8-K

UNITED STATES

SECURITIES AND EXCHANGE COMMISSION

Washington, D.C. 20549

FORM 8-K

CURRENT REPORT

Pursuant to

Section 13 or 15(d) of

THE SECURITIES EXCHANGE ACT OF 1934

Date of Report (Date of Earliest Event Reported): January 14, 2008

OSCIENT PHARMACEUTICALS CORPORATION

(Exact name of registrant as specified in its charter)

Massachusetts	0-10824	04-2297484
(State or other jurisdiction of incorporation)	(Commission File Number)	(I.R.S. Employer Identification Number)

1000 Winter Street, Suite 2200

Waltham, Massachusetts 02451

(Address of principal executive offices, including zip code)

(781) 398-2300

(Registrant’s telephone number, including area code)

Check the appropriate box below if the Form 8-K filing is intended to simultaneously satisfy the filing obligation of the registrant under any of the following provisions (see General Instruction A.2. below):

¨ Written communications pursuant to Rule 425 under the Securities Act (17 CFR 230.425)

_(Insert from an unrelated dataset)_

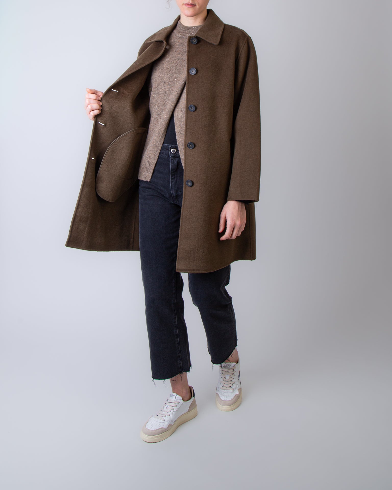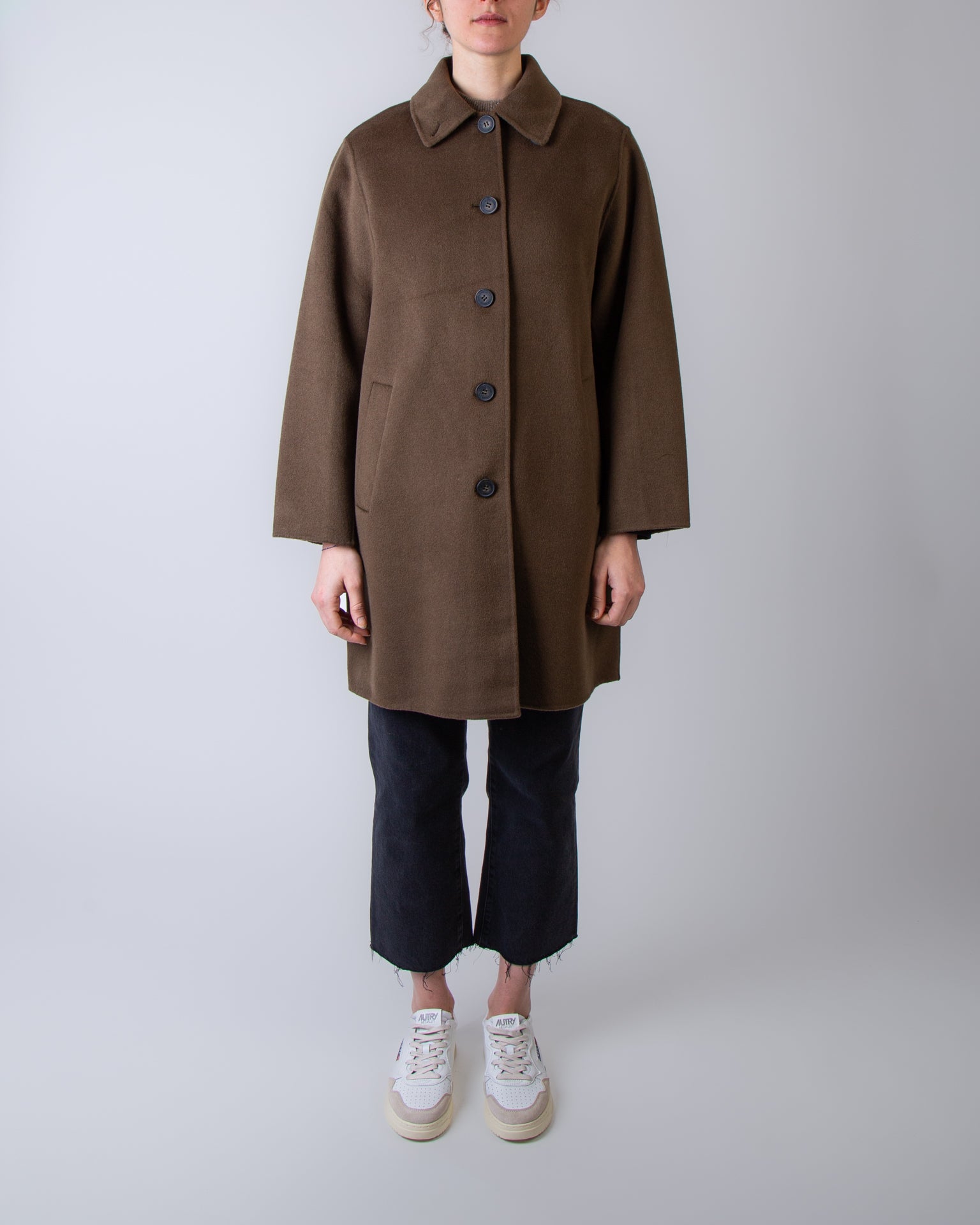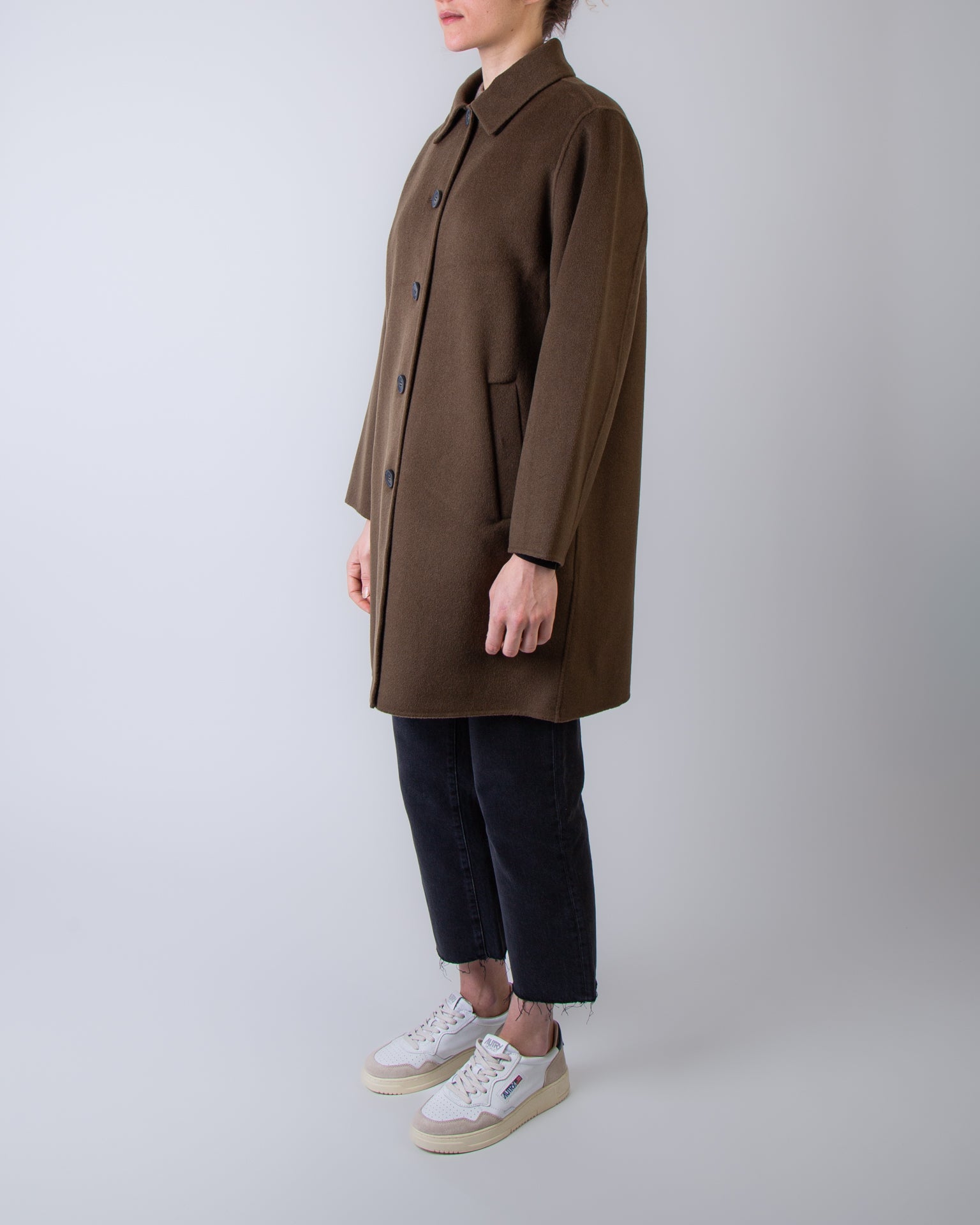 Vanessabruno, women's coat 1HVA25 V01809 613 green, three-quarter fabian cloth. The model is 175 cm tall and wears a size S.

¨ Soliciting material pursuant to Rule 14a-12 under the Exchange Act (17 CFR 240.14a-12)

¨ Pre-commencement communications pursuant to Rule 14d-2(b) under the Exchange Act (17 CFR 240.14d-2(b))

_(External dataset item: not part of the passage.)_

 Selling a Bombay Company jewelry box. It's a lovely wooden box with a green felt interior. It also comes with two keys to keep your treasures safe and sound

¨ Pre-commencement communications pursuant to Rule 13e-4(c) under the Exchange Act (17 CFR 240.13e-4(c))

ITEM 2.02. RESULTS OF OPERATIONS AND FINANCIAL CONDITION.

On January 14, 2008, Oscient Pharmaceuticals Corporation (“Oscient”) issued a news release announcing its preliminary financial results for the fourth quarter and fiscal year ended December 31, 2007. The news release contains forward-looking statements regarding Oscient and includes cautionary statements identifying important factors that could cause actual results to differ materially from those anticipated.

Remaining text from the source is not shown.